By analysing the official methodology we have shown that the classification of Romanian HEIs carried out in 2011 had the underpinning of a ranking. By further analysing the results of both the classification and ranking processes we have shown that there is a clear association between the outcomes of the global process of classification and those of the more specific process of program ranking: a polarized landscape thus emerges in which HEIs classified as focused on education cluster the overwhelming part of poor performing programs, while universities classified as focused on advanced research cluster the better part of the top performing programs.

The intermediate class of universities focused on both education and research presents mixed results. However, by conducting an alternative assessment of the research performance of the individual staff employed by Romanian universities in three fields of study we have shown that the threefold classification may not have a sufficiently robust empirical grounding, at least insofar as social sciences are concerned. By using the h and g-index as concise measures of research performance we have illustrated the fact that the intermediate universities focused on both education and research may not be sufficiently distinct from the universities focused on education and therefore this intermediate class might have a certain degree of redundancy.

The conclusion regarding the degree to which our alternative assessment confirms the official classification is however ultimately contingent on the level of aggregation taken as reference: when looking in our dataset of 1385 staff members only at the aggregate results across university classes we do find empirical grounding for the three classes defined in 2011. However, when analysing in greater detail the structure based on the academic titles and positions, we find less empirical grounds for the threefold classification as most of the staff employed in Type I and Type II universities are virtually indistinguishable from one another (i.e. assistants, lecturers and associate professors). It is only full professors that seem to make a more substantial difference between Type I and Type II universities, thus narrowly substantiating a threefold classification which might otherwise well be a simpler dichotomous one. It is thus only at the top academic level of these institutions (tenured professors) that there seem to be significant differences between three types of universities, while for the rest of the academic staff our data cannot fully discriminate between three levels of institutional performance, but only between two (i.e. Type III HEIs on one hand, and Type II/Type I HEIs on the other).

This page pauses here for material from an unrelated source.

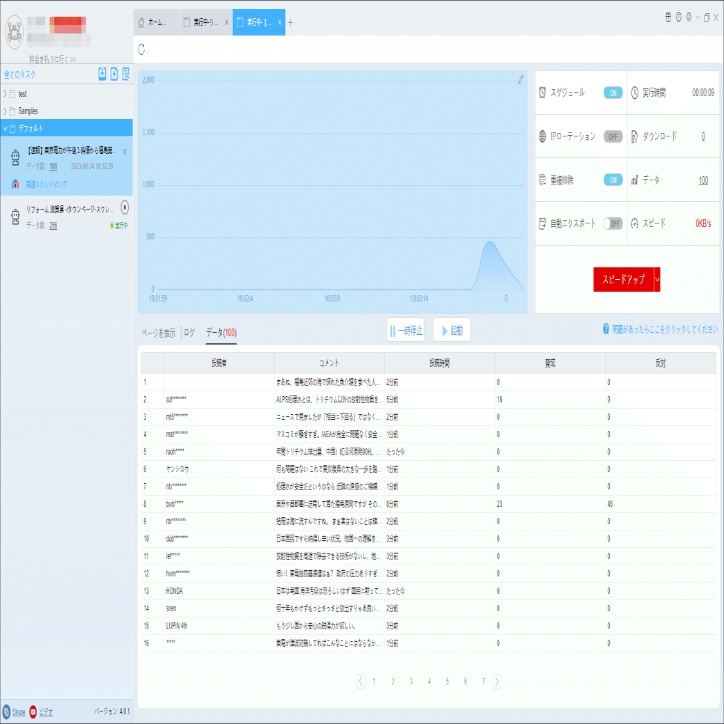 (3)サーバーに負荷しないように、遅延時間を設定してください。5秒以上を推薦します。スクレイピングタスクを配置する方法については、下記のチュートリアルをご参照ください。

Previous extensive studies on the quality of Romanian higher education (Păunescu et al. 2012; Vlăsceanu et al. 2011; Miroiu and Andreescu 2010) revealed the structural isomorphism of the Romanian higher education organizations. The undifferentiated set of standards that all institutions must comply with for purposes of accreditation and public funding led the institutions to adopt similar strategies for achieving these objectives. This is reflected in the poor differentiation and homogeneity of HEIs as shown by their similar scores in the external evaluation of the accreditation agency, similar missions, similar achievements on various performance indicators, etc. While the present paper finds empirical support for the vertical differentiation between advanced research universities (usually traditional, older universities) and the rest (more recent ones, including all private initiatives), the actual structures of the bulk of HEIs, including Type I and Type II universities, reveal more similarities than differences. These findings should of course be considered under the due caveat that our results are based only on data collected for social sciences.